Sueldo mínimo: lecciones de Suiza
El
Gobierno no debe elevar el salario mínimo.
En
medio de las noticias sobre la caída de nuestra tasa de crecimiento, el ministro
de Trabajo, Fredy Otárola, anunció a inicios de esta semana que en
el Ejecutivo se evalúa elevar el sueldo
mínimo. Aunque es cierto que el ministro se esforzó bastante en que la
propuesta suene prudente –sostuvo que se está haciendo con mucha mesura y
aseguró que no se debe golpear a las pequeñas y medianas empresas en esta época
de enfriamiento económico–, creemos que la decisión verdaderamente prudente
sería más bien no hacer ningún tipo de aumento, por muy mesurado que parezca.
Al
contrario de lo que podría resultar intuitivo para algunos, aumentar el sueldo
mínimo no beneficia a la gran mayoría de trabajadores.

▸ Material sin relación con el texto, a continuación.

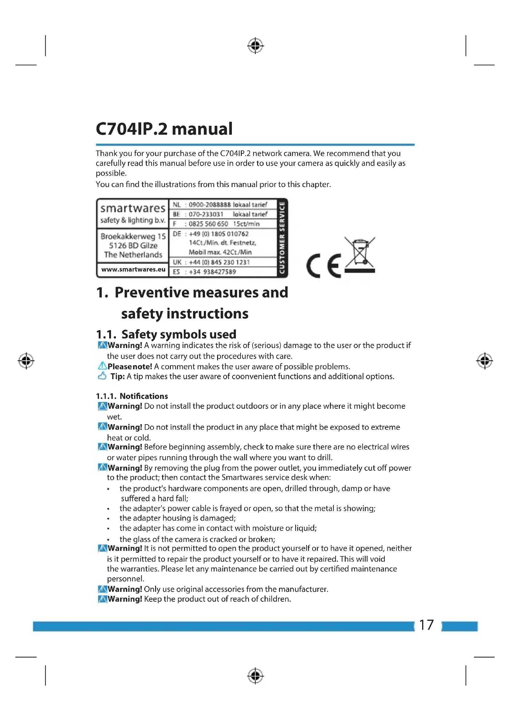 C704IP.2 manual Thank you for your purchase of the C704IP.2 network camera. We recommend that you carefully read this manual before use in order to use your camera as quickly and easily as possible. You can nd the illustrations from this manual prior to this chapter. www.smartwares.eu

Y es que cuando
contratar empleados cuesta más, las empresas naturalmente contratan menos. Es
decir, el salario mínimo crea desempleo. De hecho, según el jefe de análisis
macroeconómico de Apoyo Consultoría, Juan Carlos Saavedra, por cada 10% de incremento del
sueldo mínimo se pierde el 5% del empleo.
Este desempleo, además,
perjudica en primer lugar a la población más vulnerable: los jóvenes y los más
pobres –al ser usualmente los menos productivos por haber tenido menos
oportunidades de capacitación– serán los primeros en perder sus trabajos y
también a quienes les será más difícil encontrar un empleo.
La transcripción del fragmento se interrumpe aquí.